HUMAN IMPACTS ON NEW YORK CITY BARRIER DEVELOPMENT


WOODRUFF, Jonathan D. and BRANDON, Christine M., Department of Geosciences, University of Massachusetts Amherst, 611 North Pleasant St, 233 Morrill Science Center, Amherst, MA 01003

Barrier systems are one of the most important forms of storm defense for New York City. The entrance to New York Harbor is formed by two sandy peninsulas (Rockaway to the north and Sandy Hook to the south) while a series of smaller barrier systems within the harbor proper provide a secondary means of flood mitigation. An accurate understanding for the evolution of these barrier systems over the later-Anthropocene is critical for assessing the effectiveness of future flood control strategies. Man-made impacts to the Rockaway and Sandy Hook spits are well documented and will be reviewed in brief. We will follow this discussion with a more detailed description of backbarrier sediments recently collected along the inner coastline of New York Harbor. A cotemporaneous transition from an estuarine to a lagoonal environment is observed in all three of these backbarrier ponds dating to the early-to-mid 1700s. Overwash deposition begins above this transition and marks the establishment of sandy barriers in their current form. The concurrent timing of barrier formation dates to rapid land clearance and the decimation of oyster beds in the harbor.
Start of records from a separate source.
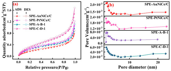 BET analysis of SPE-AuNiCe/C, SPE-A-B-1, SPE-PtNiCe/C, and SPE-C-D-1 samples. (a) N2 adsorption/desorption isotherms; (b) pore size and pore volume curves.
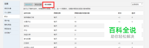点击“积分规则”可以看到怎样的行为会得到积分奖励。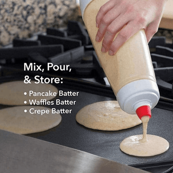 Make perfect pancakes and waffles every time with the Pancake Batter Mixer and Dispenser Bottle. This all-in-one kitchen tool allows you to mix, store, and dispense batter with precision and ease, reducing mess and ensuring consistent portion sizes. Its convenient one-handed dispenser makes pouring straight onto the griddle quick and controlled, while the wide-mouth design simplifies mixing directly in the bottle. Ideal for home cooks, brunch enthusiasts, and small baking businesses, this bottle saves time and keeps your kitchen tidy.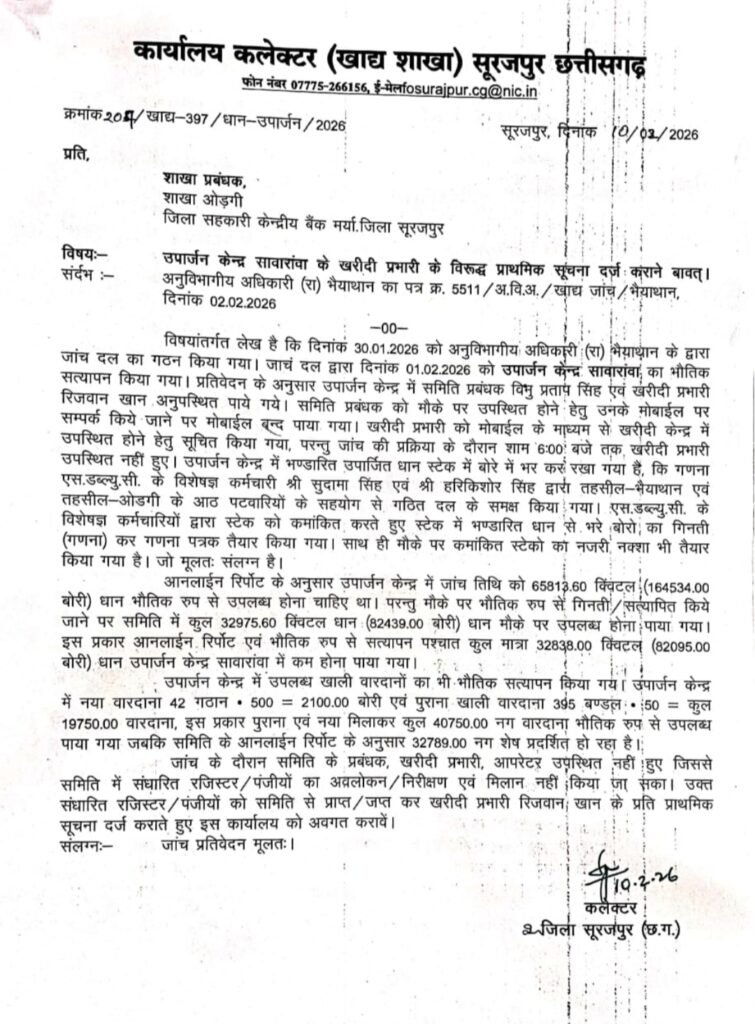 धान खरीदी सत्र 2025–26 में सामने आए इस बहुचर्चित मामले में 32,838 क्विंटल धान की कमी का खुलासा हुआ।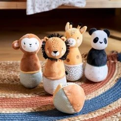 - 4 quilles animaux :Â 1 lion, 1 panda, 1 girafe, 1 singe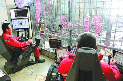 | 司钻房里,司钻、副司钻坐在操作椅上,就可以操控顶驱、铁钻工等大型钻井设备,自动化设备的优势得到充分体现。 |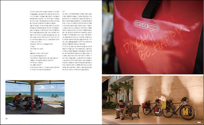 나는 고래다. 가설을 바꾸자 현상들이 맞아 떨어졌다. 무중력 상태에 뜬 듯 힘이 들어가지 않았던 페달링. 두 개의 페달은 그때 내 꼬리지느러미였다. 내 몸의 신경과 핏줄과 힘줄이 페달과 체인을 통해 바퀴까지 이어졌던 거다. 더운 햇살과 시원한 바람이 뒤섞인 오키나와의 대기는 한없이 투명한 푸른 바다와 같았다. 가와세 나오미 감독의 ‘소년 소녀 그리고 바다’에서 마지막에 소년과 소녀가 손을 잡고 함께 유영하던 바다처럼. 나는 자전거를 타는 것도 아니었고 특정한 목적지를 향해 가는 것도 아니었다. 원고에는 이 기분을 뭐라고 설명해야 할지 고민하던 것도 파도 포말처럼 사라졌다. 잡지 만들어 먹고 사는 일이 가능할까, ‘지르고 감당하자’ 생각하고 내지른 출장이 과연 잘한 짓일까 따위 고민은 참으로 사소해졌다. 그 순간 오직 중요한 건 내가 고래라는 사실, 한 마리 고래로 태평양의 심연을 유영하고 있다는 사실뿐이었다. 거품으로 사라지는 포말이 고래의 행진에 영향을 미치지 못하듯, 그런 것들은 언젠가 어차피 어떻게든 해결될 것이었다. ‘언제’와 ‘어떻게’에 따라 많은 것이 달라지긴 하겠지만, 나는 ‘어차피’라는 패를 쥐고 있었다. 뭐 잘 되지 않겠어? 혹은 죽기야 하겠어?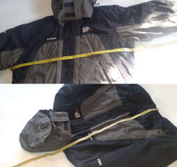 Фактический размер: Куртка: ширина м/ж плечевыми швами - 60 см, ширина по подмышечным швам - 70 см, длина рукава 65 см, длина по спинке от воротника - 75 см

Both of these changes likely enhanced shoreline erosion and increased littoral transport, which in turn led to the formation of many of the barrier systems internal to New York Harbor. Results presented highlight how past human activities have been of leading importance in governing the development of New York City’s barrier beaches, which together now serve as the most important line of flood defense to the largest coastal mega-city in the Western Hemisphere.